Serial controls for the sketch

The controls for using the sketch are:

Easing profile:
1. Linear
2. Quadratic
3. Cubic
4. Quartic
5. Sine
6. Circular
7. Back
8. Elastic
9. Bounce
0. Precision
?: this help
g: Go = toggle -60 to 60 Degrees
1 ~ 9 & '0': Set profile.
z ~ ',': Set speed \ =30 -v slow.
i: Change profile mod ; in, out, inout, bouncing

Bonus Sketch Exclusive Content

For the following sketch you can drive up to 3 servos at the same time. This is a more developed piece of code - from the above code - that allows you to set the speed using command followed by a number, set profiles for each servo or even turn each one off. You can also individually set the maximum extend angle different for each servo as well.

Here's the complete command set:

Servo Easing Testing - Multi servos.
Easing profile:
1. Linear
2. Quadratic
3. Cubic
4. Quartic
5. Sine
6. Circular
7. Back
8. Elastic
9. Bounce
0. Precision
?: this help.
g: Go = single mode toggle default: -60 to 60 Degrees.
t - toggle continuous.
1 ~ 9 & '0': Select profile.
i: Toggle inout profile - some don't allow all (use 'd').
a,b,c : Choose servo.
s<num> set speed for all servos.
r - Reset and stop servos - set to 0 degrees (center).
o - Toggle current servo on/off.
m<num> - Set current servo angle.
d - show data.

To reveal the download link signup to the newsletter in the form below.
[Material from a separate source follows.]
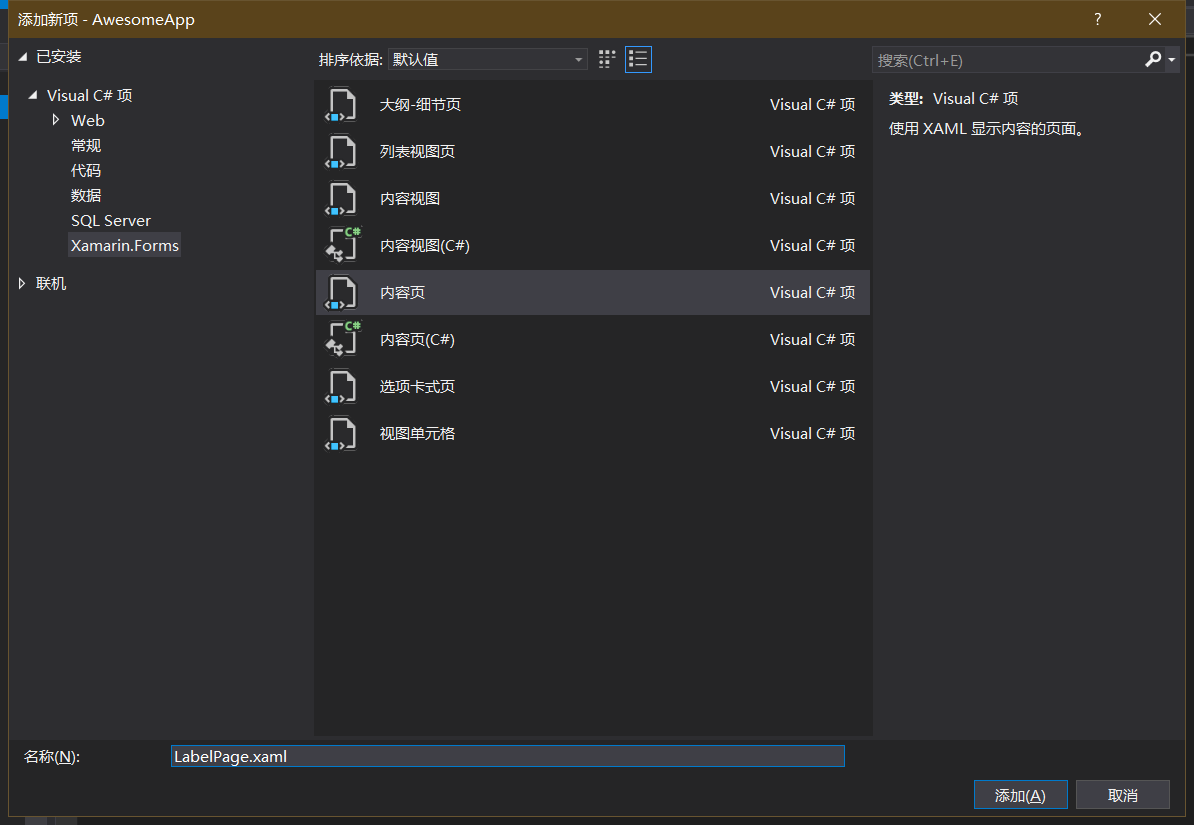 - 在 XAML 中创建 Xamarin.Forms Label。
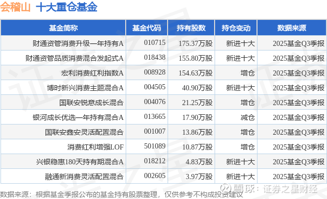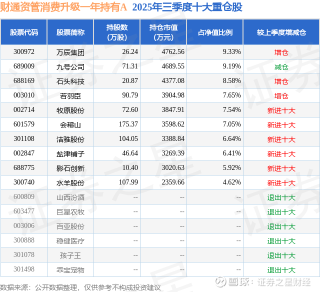 根据2025基金Q3季报公募基金重仓股数据,重仓该股的公募基金共10家,其中持有数量最多的公募基金为财通资管的财通资管消费升级一年持有A。财通资管消费升级一年持有A目前规模为4.84亿元,最新净值0.825(11月20日),较上一交易日下跌1.59%,近一年上涨15.59%。该公募基金现任基金经理为于洋 林伟。于洋在任的基金产品包括:财通资管消费精选混合A,管理时间为2018年9月14日至今,期间收益率为124.86%;林伟在任的基金产品包括:财通资管品质消费混合发起式A,管理时间为2023年5月11日至今,期间收益率为32.7%;

You can download the program (servo-easing-multi-cmd.zip) from this link.

The code is command line based so after each command hit the enter key to execute the command.

First of all us the 't' command to get all the servos moving. Now choose a number key to see the different easing profile effects. To stop movement enter 't' again. You can enter the help key '?' to see the profiles and commands.

To see what the current setup of all the servos use the 'd' command.

When you 1st start the servo speed is set to 100 (you can change it with the s command). Try going through all the servo easings 1~0,'0'.

For the easing profiles 8,9,0 this speed is a bit too high so set the speed to 70 's70', to see them better.

Note that the bounce easing profile is different to the suffix _BOUNCE control. the former means the servo comes to rest at its final position as if it were bouncing on the final position. _BOUNCE means the servo returns to its original position.

Turn off movement 't'.
Use command 'i' until BOUNCING is shown.
Set to center position, 'r'.
Select easing profile '4' - Quartic for Servo A.
Set speed 120 - 's120'.
Now use single execute 'g' command.

You will clearly see that the servo returns to the 0 degree position i.e. straight ahead.




Written by John Main who has a degree in Electronic Engineering.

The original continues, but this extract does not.